/---

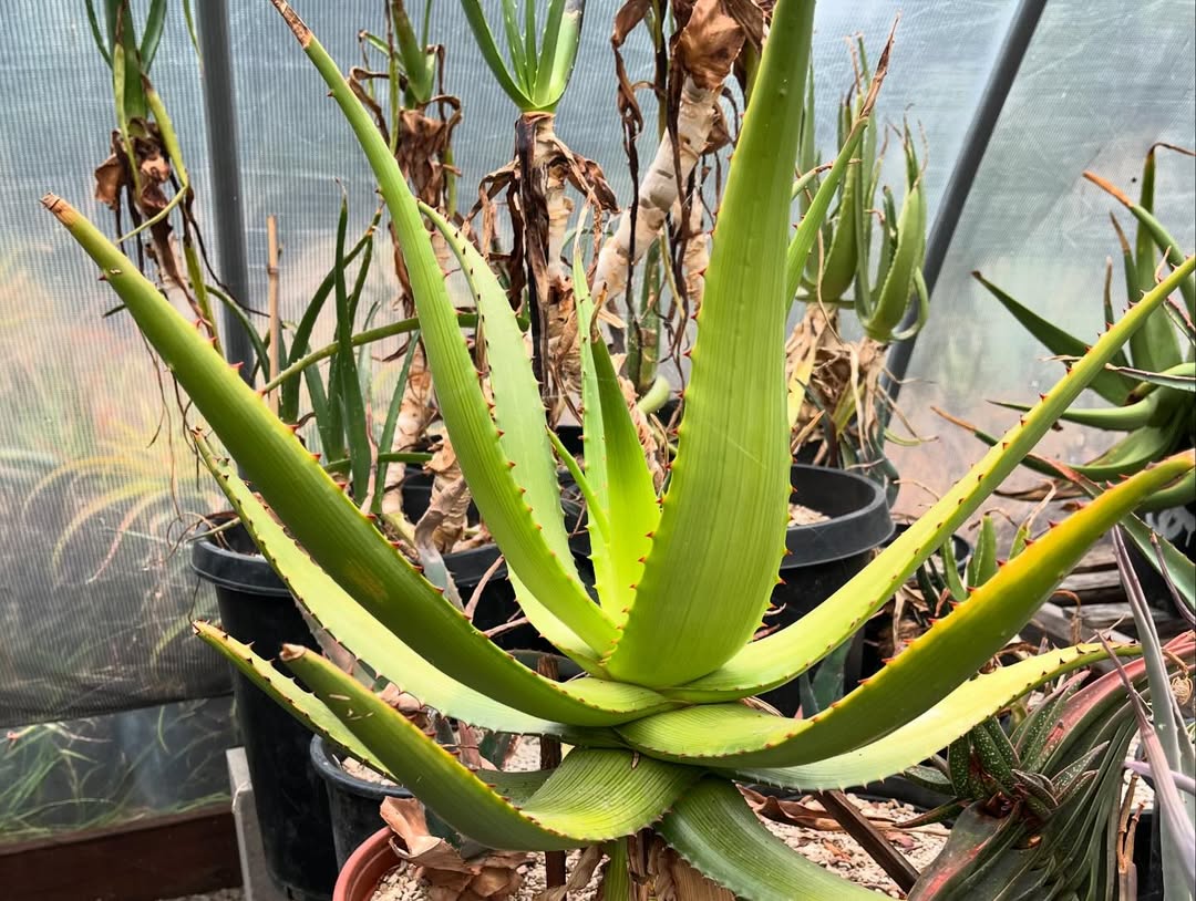 是一种稀有的南非特有芦荟属植物,原产于西开普省的Doorn River Valley地区。它是一种灌木状、上升生长的芦荟,以其光滑的绿色叶片和春季的黄色花朵而闻名,于2010年由Ernst van Jaarsveld正式描述。该物种生长缓慢,长寿,具有密集的直立灌木形态,多头丛生,适合作为观赏植物,但由于分布范围狭窄,需要注意保护。
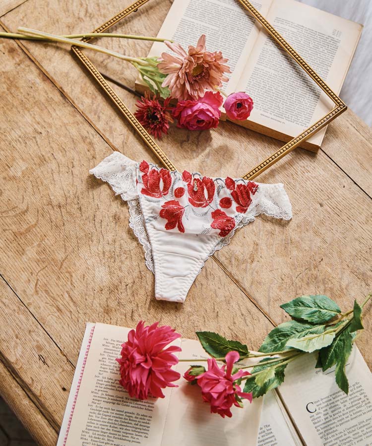 動きのある大胆な花柄のレースで、女性らしい柔らかさと優雅さを演出。
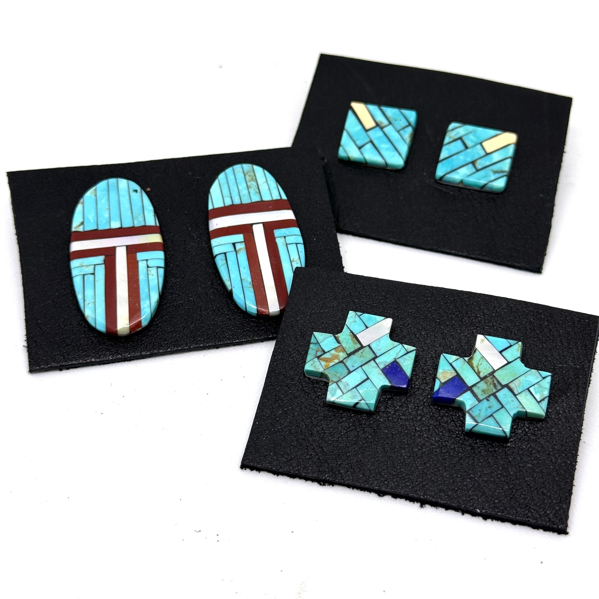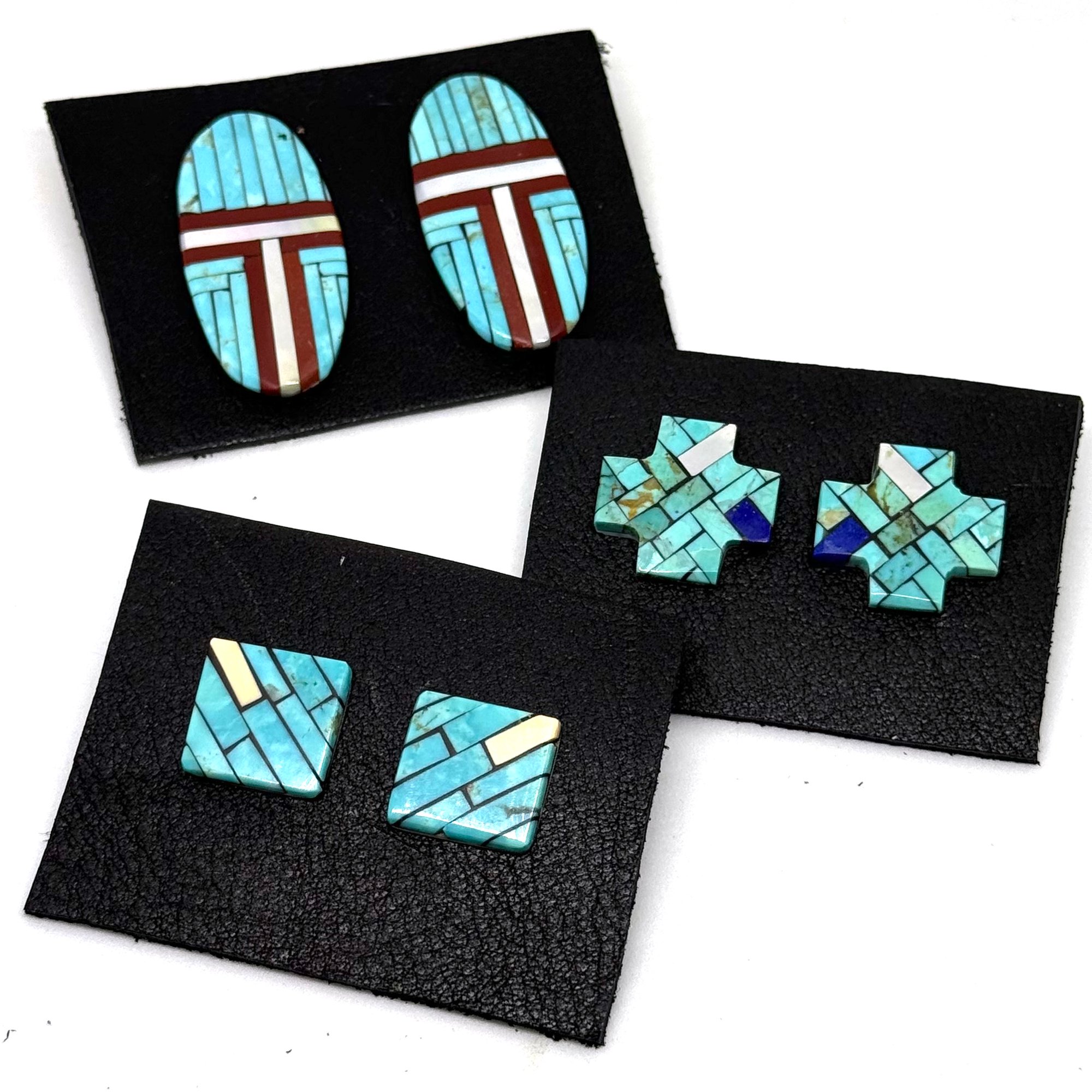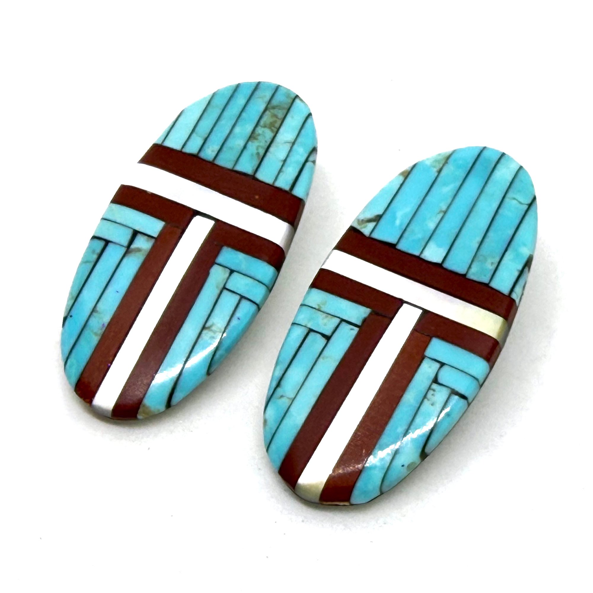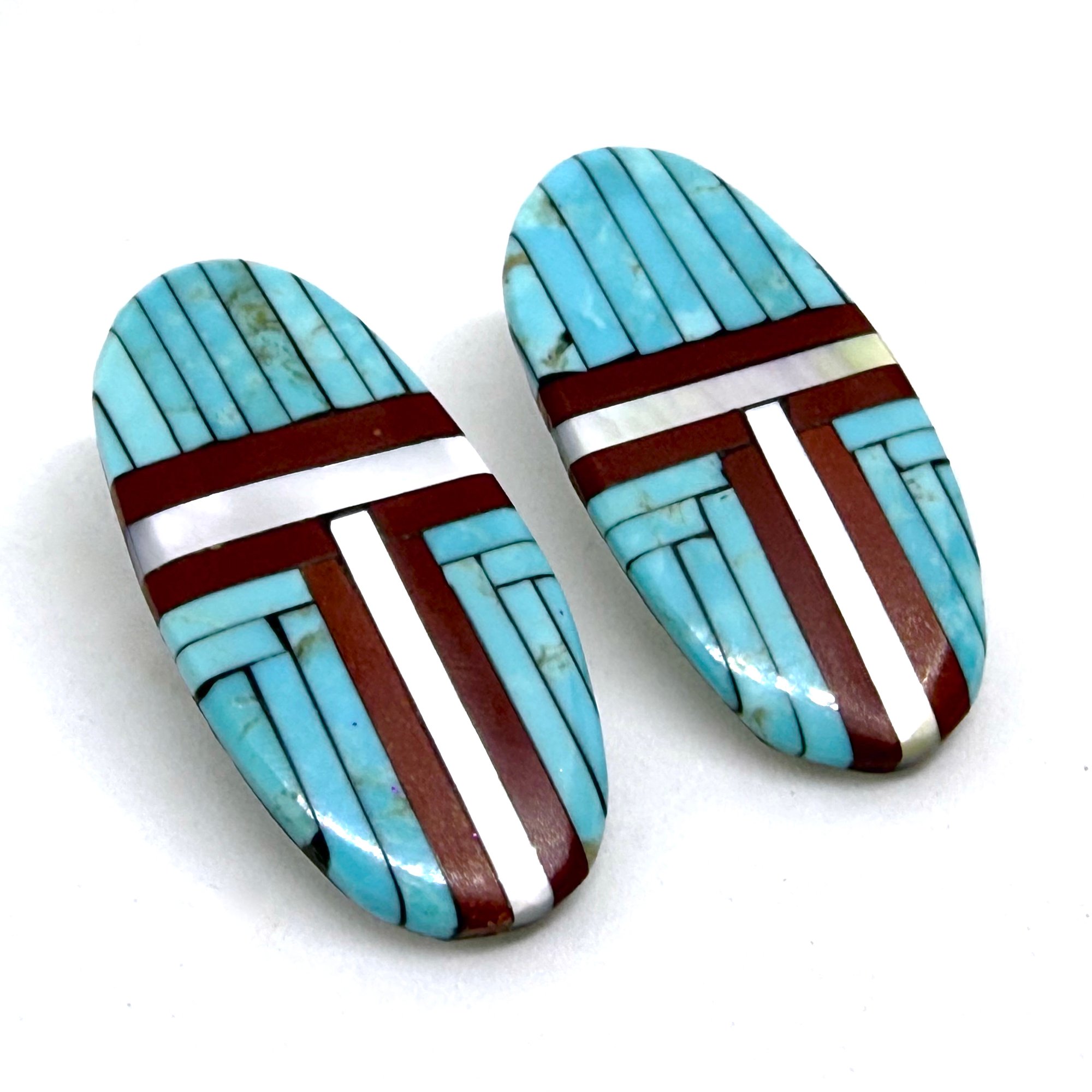 These sleek and elegant large Santo Domingo Pueblo earrings feature bands of light pearlescent shell, dark earthy pipestone, and bold turquoise, inlaid on an oblong hand cut and carved shell slab. The earrings measure 2" long.

\---

EXERCISE GOAL: Pictures are to be left out; all other data must be returned exactly.

SOLUTION FOR THIS TASK:
 是一种稀有的南非特有芦荟属植物,原产于西开普省的Doorn River Valley地区。它是一种灌木状、上升生长的芦荟,以其光滑的绿色叶片和春季的黄色花朵而闻名,于2010年由Ernst van Jaarsveld正式描述。该物种生长缓慢,长寿,具有密集的直立灌木形态,多头丛生,适合作为观赏植物,但由于分布范围狭窄,需要注意保护。
 動きのある大胆な花柄のレースで、女性らしい柔らかさと優雅さを演出。
 These sleek and elegant large Santo Domingo Pueblo earrings feature bands of light pearlescent shell, dark earthy pipestone, and bold turquoise, inlaid on an oblong hand cut and carved shell slab. The earrings measure 2" long.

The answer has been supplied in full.